Иногда Павицом овладевали неясные сомнения, не находится ли его новый образ жизни в несоответствии с размерами содержания, которое назначила ему его госпожа. Но он уклонялся от неприятных открытий, и это было ему легко, так как его личные расходы уже давно безнадежно перепутались с общественными. Даже герцогиня как-то удивилась размеру его требований.

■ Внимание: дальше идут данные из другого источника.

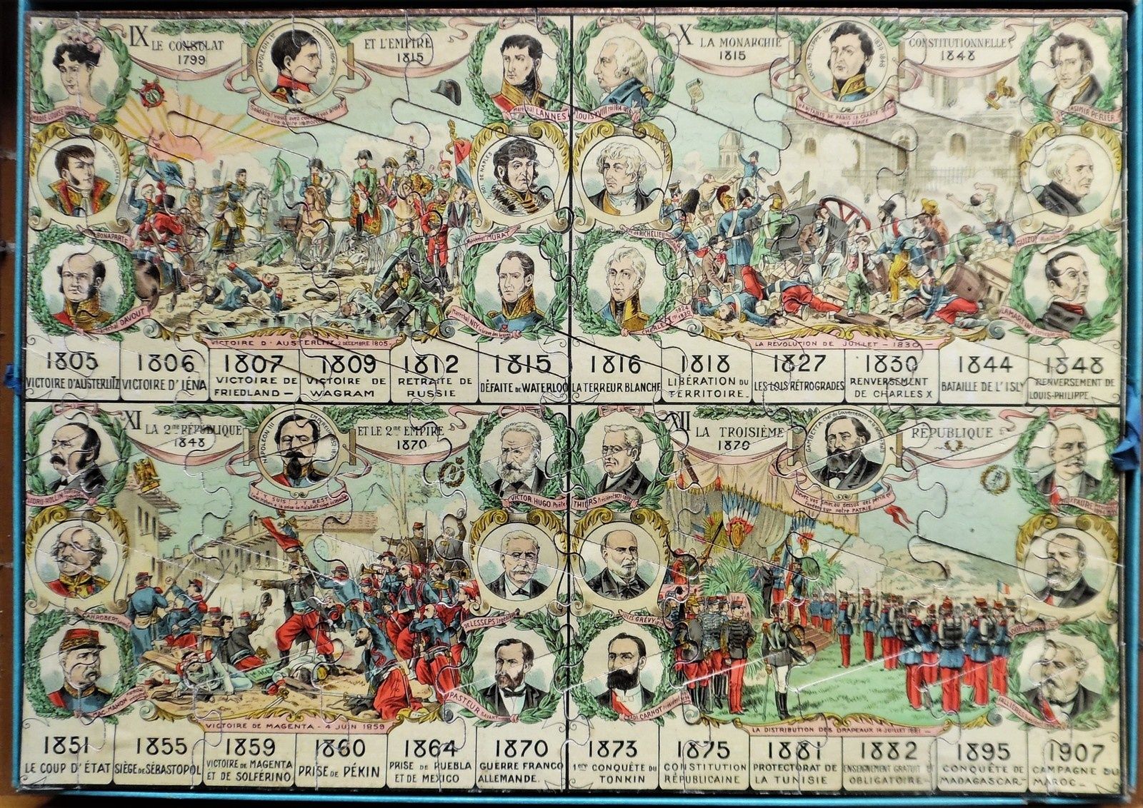 L'on constate que chaque carton a été augmenté de bordures latérales comportant chacune 3 dates relatives à un fait historique; le jeu se veut ainsi plus instructif puisque "au lieu de tirer du sac un chiffre qui ne signifie rien, on sort une date qui rappelle un grand fait historique ". Cela a aussi pour l'éditeur l'avantage de n'avoir à fournir pour le tirage que des petits cartons au lieu des pions de buis habituels ( les numéros 1 à 72 sont toujours présents mais devenus sans utilité !)
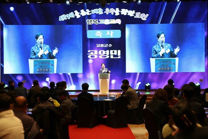 특히 이날 공개된 ‘행복 고흥교육 비전’은 세계, 배움, 우주항공, 도전, 행복 등 다섯 가지 핵심 가치를 중심으로, 교육 당사자와 지역이 함께 비전 실현에 동참하겠다는 의지를 담았다. 이어 열린 실천 다짐 퍼포먼스에서는 고흥교육을 이끌 주요 기관 장들이 무대에 올라 공동 선언문을 낭독하며, 지역과 학교가 손잡고 고흥형 교육 혁신을 이루겠다는 약속을 다졌다.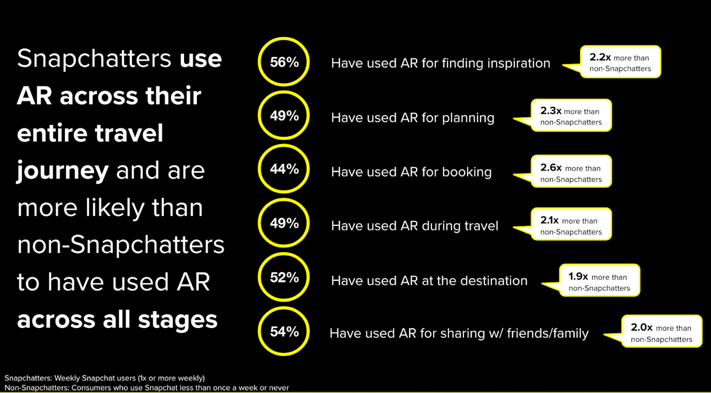 Snapchat is a leader in augmented reality with nearly 250 million Snapchatters engaging with AR every day on average. The study revealed that Augmented Reality on Snapchat is especially effective at impacting the consumer travel journey, with 68% of Snapchatters having used AR during at least one point in their travel journey in the past, compared to only 41% for non-Snapchatters.¹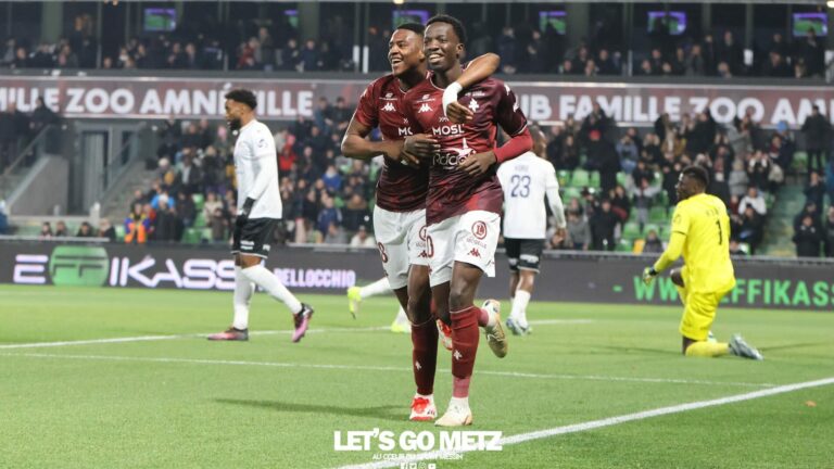 1,8K Le FC Metz a alterné le bon et le moins bon face au Clermont Foot 63, mais décroche un précieux succès (3-1) lors de la 22e journée de Ligue 2 BKT. Une bonne opération, dans un match assez maîtrisé, après les victoires parisienne et lorientaise. Le FC Metz avait la pression, avant d’affronter le Clermont Foot 63 samedi soir. Les Grenats se devaient de retrouver le succès, après les victoires du Paris FC et du FC Lorient, afin de ne pas voir leurs deux principaux concurrents à la montée se détacher au classement de Ligue 2 BKT. La mission a été accomplie avec brio par les hommes de Stéphane Le Mignan, qui se sont imposés 3-1 face à leurs homologues auvergnats auteurs de grossières erreurs. Débuts tonitruants Cela devient un gros point fort du club à la Croix de Lorraine devant son public, cette saison en Ligue 2 BKT. Très présents pendant les vingt premières minutes du match, notamment grâce à un pressing haut et intense, les Messins ont poussé les protégés de Laurent Batlles à la faute. Papa Amadou Diallo profitait d’abord d’une énorme boulette de Massamba N’Diaye pour ouvrir la marque (1-0, 4′).Quelques instants plus tard, Cheikh Tidiane Sabaly doublait la mise (2-0, 18′) grâce à un service parfait… de Maïdine Douane, qui manquait complètement sa remise en retrait, pour le plus grand plaisir de l’attaquant sénégalais qui s’offrait son 10e but de la saison en Ligue 2. Une malchance terrible pour l’ancien Messin, qui aurait pu jouer un bien mauvais coup à son club formateur sans un Arnaud Bodart vigilant (7′). Idrissa Gueye buteur, et blessé… Froidement efficace et pas du tout mis en danger, le FC Metz menait tranquillement à la pause (2-0) face à son adversaire clermontois. Trop tranquillement… Les Grenats tombaient dans un faux rythme et comme Maïdine Douane en première mi-temps, Koffi Kouao se trouait complètement et offrait sur un plateau la réduction du score à Mons Bassouamina (2-1, 53′). Un léger moment de flottement avant un but plein d’instinct d’Idrissa Gueye, qui reprenait sans contrôle un bon ballon de Gauthier Hein (3-1, 69′).Un véritable coup de canon du joueur formé à Génération Foot, qui mettait le FC Metz à l’abri. Une avance que les Messins conservaient sans trop de soucis, au gré, notamment, de sorties bien senties d’Arnaud Bodart loin de son but. Seul point noir de la soirée, la très inquiétante sortie sur civière d’Idrissa Gueye dans les derniers instants de la rencontre… Secoué à Bastia, le FC Metz a parfaitement rebondi, démontrant une nouvelle fois qu’il était pratiquement imprenable à domicile, face à un Clermont Foot 63 qui ne s’est montré que trop peu dangereux. Les Grenats signent leur troisième succès consécutif à Saint-Symphorien avec au moins trois buts inscrits, et poussent leur série d’invincibilité en Ligue 2 BKT à onze matchs. FC Metz 3-1 Clermont Foot 63 Mi-temps : 2-0. Buts pour le FC Metz : Diallo (4’), Sabaly (18’), Gueye (69’) ; pour le Clermont Foot 63 : Bassouamina (53’).FC Metz : Bodart – Kouao, S.Sané, Mboula, Udol (cap) – Hein, Stambouli, Deminguet (Touré 81’), Diallo (Bokele 81’) – Gueye (Asoro 90+3), Sabaly (I.Sané 71’)Clermont Foot 63 : Ndiaye – M’Bahia (Armougom 65’), Koré, Salmier, Diallo – Gastien (cap) – Konaté (Baaloudj 57’), Keita, Diagouraga (Diedhiou 57′), Douane (Fakili 86’) – Bassouamina Crédit photo : Stephan Weyrath / Let’s Go Metz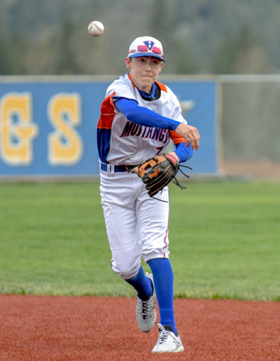 Photo by JOEL TAKARSH/for The Daily Courier, PIC #1673 HV 2nd baseman #7 makes throw to 1st base for the out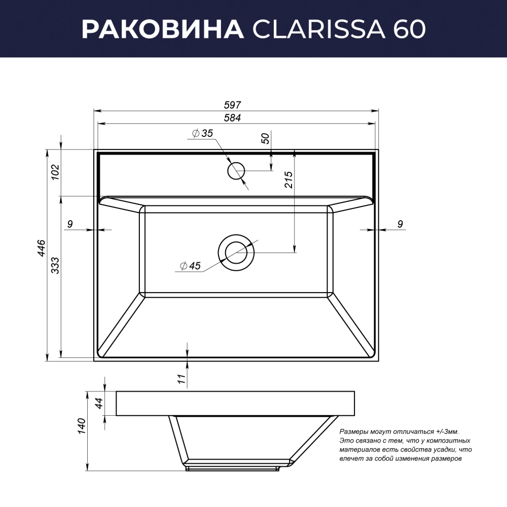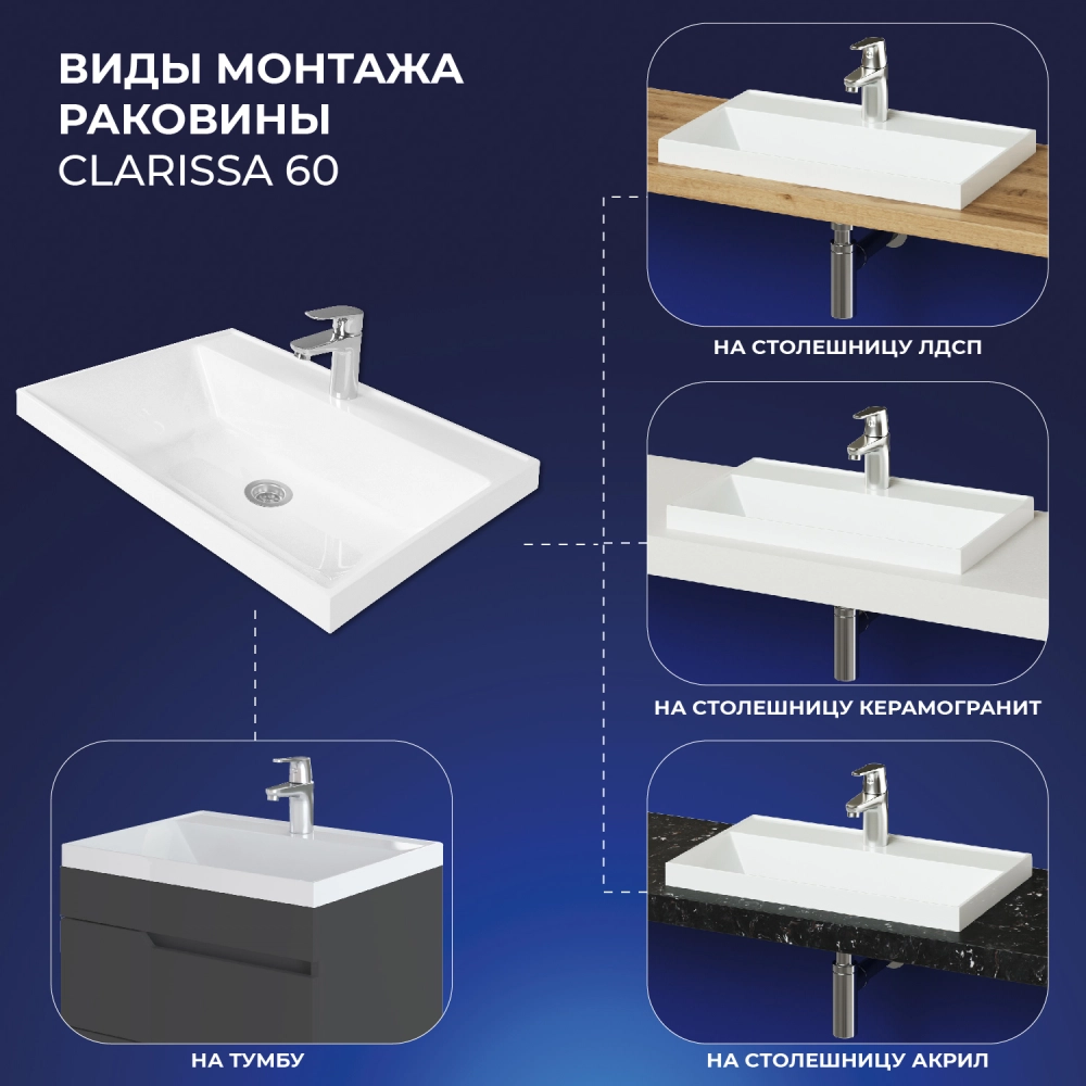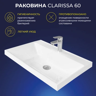 Раковина мебельная Итана Clarissa 60 Белый глянец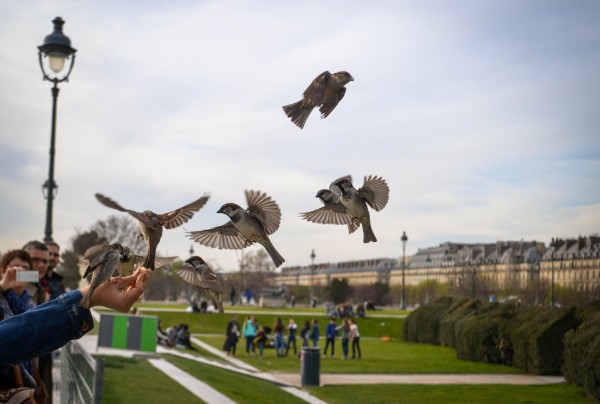 <<Parijs, park op weg naar het Louvre. Houd een stukje brood omhoog en de vogeltjes komen gewoon uit je hand eten! Zeer leuk, maar wel een beetje griezelig in het begin. Ik heb het op verschillende plekken geprobeerd, maar het lukte echter alleen op deze plek, vlak voor het Louvre.>> Foto en Tip van Nikki Nelen

- Вы бросаете наши семена и туда, куда не попадает ни солнце, ни дождь. Для чего?

- У меня славянская душа, - объяснил он. - Я знаю, я не умею считать. Я слишком мечтателен и уступчив.

- Ах да, ведь вы романтик.

- Касса должна быть в более твердых руках, - сказал он, убеждая этим себя самого в своем бескорыстии. Сейчас же вслед затем он уступил неясному желанию видеть ее в дружеских руках.

- Если бы ваша светлость передали ее какой-нибудь практичной особе… например, княгине Кукуру.

- Да, она практична… Я лучше передам ее графине Бла.

Пизелли присутствовал, когда Бла принимала управление деньгами. Он умелыми пальцами сосчитал ассигнации. Их было уже немного. Письма и оправдательные документы не согласовались. Пизелли, не глядя на Павица, который краснея смотрел в сторону, без околичностей объявил, что все в порядке. В заключение он, еще в присутствии герцогини, свободно и рыцарски подошел к бывшему управителю делами.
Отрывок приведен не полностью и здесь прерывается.